Kai stared into the gate.
The crystal skyline was gone.
The pale spires, the black-blue sky, the tiny shapes moving between towers. All gone.
The gate was dark now. Featureless black. But not empty.
Something sat in that dark at a distance he couldn't calculate. Not close and not far. Just there, in the way that walls are there. In the way that ground exists under your feet without having to prove it.
And it was watching.
He knew it the way you know someone is staring at the back of your head in a quiet room. No sound. No movement. Just the pressure of attention.
"Kai." Sera's voice from behind.
He didn't turn around.
The gate pulsed once, slow and deep. The black shifted by a fraction, a shade darker than darkness, and in that shift he saw something that could have been an outline.
Not a body.
Not a shape he had words for.
Just edges where the nothing was less nothing, arranged in a way that suggested orientation. Facing. Looking.
"Kai." Sera's hand on his shoulder, pulling him back a step.
He let her.
"What did you see?" she asked.
"Something that saw me first."
Cho arrived on the platform with a fresh tablet and two security officers. "Council craft landing on roof in four minutes. Observer will be on site within the hour."

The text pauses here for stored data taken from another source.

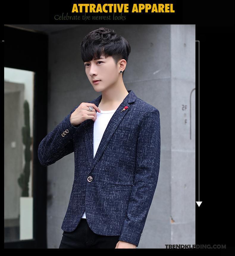 Blazer Heren Trend Voorjaar Casual Jeugd Mannelijk Slim Fit Blauw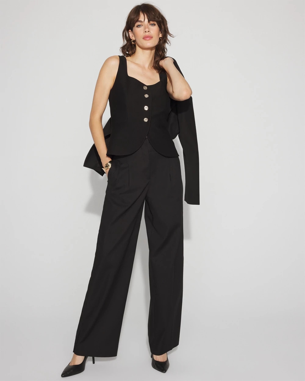 Crafted from a soft twill fabric, this vest has a tailored finish thanks to seaming details that define you and a four-button closure. The waist has a slight cutaway for a flattering fit. Wear it on its own or over a shirt.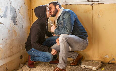 German well-built Jessy Ares and american strongman Will Braun drilling an ass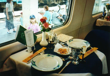 こういった食堂車は日本では見かけなくなりましたね。メニューは軽食ですが、勿論ワインも一緒に。ハーフサイズですが。。。

Sera nodded. "Get me everything we have on Fulcrum's supply chain. Physical evidence priority. I want the quartermaster patch records, the mesh sourcing, and the transit shell's registration history."
"Already compiling."
"Threshold." Sera turned to him. "You are staying on this team. But I need to know now whether you answer to me or to whoever steps off that craft."

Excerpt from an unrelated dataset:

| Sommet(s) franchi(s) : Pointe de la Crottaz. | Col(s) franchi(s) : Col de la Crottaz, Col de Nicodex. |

Threshold met her eyes. "I answer to the mandate. If the mandate says cooperate, I cooperate with you. If the mandate says detain, I detain."
"Honest."
"You would not trust me otherwise."
Sera almost smiled. "No. I would not."
Above them, through concrete and blast shutters and emergency lights, rotor noise grew louder.
Park's voice came through comms, pitched higher than usual. "Council craft on approach. Single occupant plus pilot. Identification signal reads... Arbiter-class."
Cho looked up sharply. "Arbiter is judicial rank. They sent a judge."
Threshold's face went carefully blank. "Not a judge. Arbiter-class means they sent someone with authority to make final determinations on site."
"Final determinations about what?" Park asked.
Threshold did not answer.
He did not need to.
Kai turned his back to the gate and felt that attention follow him like a finger tracing his spine.
Seventy-two hours. A Council arbiter landing on the roof. A permanent gate that something was watching through. And no civilian identity to go home to even if home still existed in any way that mattered.
Sera caught his eye across the platform.
She did not say it would be fine. She did not say they would figure it out.
She checked her magazine, slapped it back in, and walked toward the stairs.
"Move," she said. "We've got three days to make ourselves too useful to kill."